The Ghost at Skeleton Rock
- Original edition
- Author: Franklin W. Dixon
- Language: English
- Series: The Hardy Boys
- Genre: Detective, mystery
- Publisher: Grosset & Dunlap
- Publication date: January 1, 1958
- Publication place: United States
- Media type: Print (hardback & paperback)
- Pages: 192 pp
- Preceded by: The Secret of Pirates' Hill
- Followed by: The Mystery at Devil's Paw

= The Ghost at Skeleton Rock =

1958 book by Franklin W. Dixon

The Ghost at Skeleton Rock is the thirty-seventh volume in the original The Hardy Boys series of mystery books for children and teens published by Grosset & Dunlap.

This book was written for the Stratemeyer Syndicate by James Duncan Lawrence (who also wrote the majority of the Tom Swift Jr. series) in 1957. Between 1959 and 1973 the first 38 volumes of this series were systematically revised as part of a project directed by Harriet Adams, Edward Stratemeyer's daughter.
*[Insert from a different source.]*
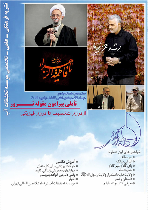 نشریه فرهنگی ۰۱/بهمن/۱۳۹۹ ۰۱/بهمن/۱۳۹۹ پنجمین شماره نشریه فرهنگی ـ علمی تخصصی موسسه تحقیقات آب دریافت فایل pdf پنجمین نشریه فرهنگی موسسه تحقیقات آب خواندیهای این شماره:سرمقالهاندکی درنگپای کلام امیر کلامحدیث ماهولایت فقیه، استمرار ولایت رسول الله (ص)داستان و شعرمعرفی کتاب و نقد فیلمآموزش عکاسیحرکات ورزشی برای کارمندانمهارتهای مدیریتی زندگی کاریوقتی دلم میخواهد بنویسماخبارو موسسه تحقیقات آب در نمایشگاه بینالمللی تهران

The original version of this book was shortened in 1966 by Priscilla Baker-Carr resulting in two slightly different stories sharing the same title.

==Plot summary==
Frank, Joe, Chet and Tony travel to Puerto Rico to investigate the mystery behind a coded letter they received from the Hardy father. They later go in a race against time to stop a criminal mastermind from using an atomic bomb to take over the government of the fictional country of Tropicale.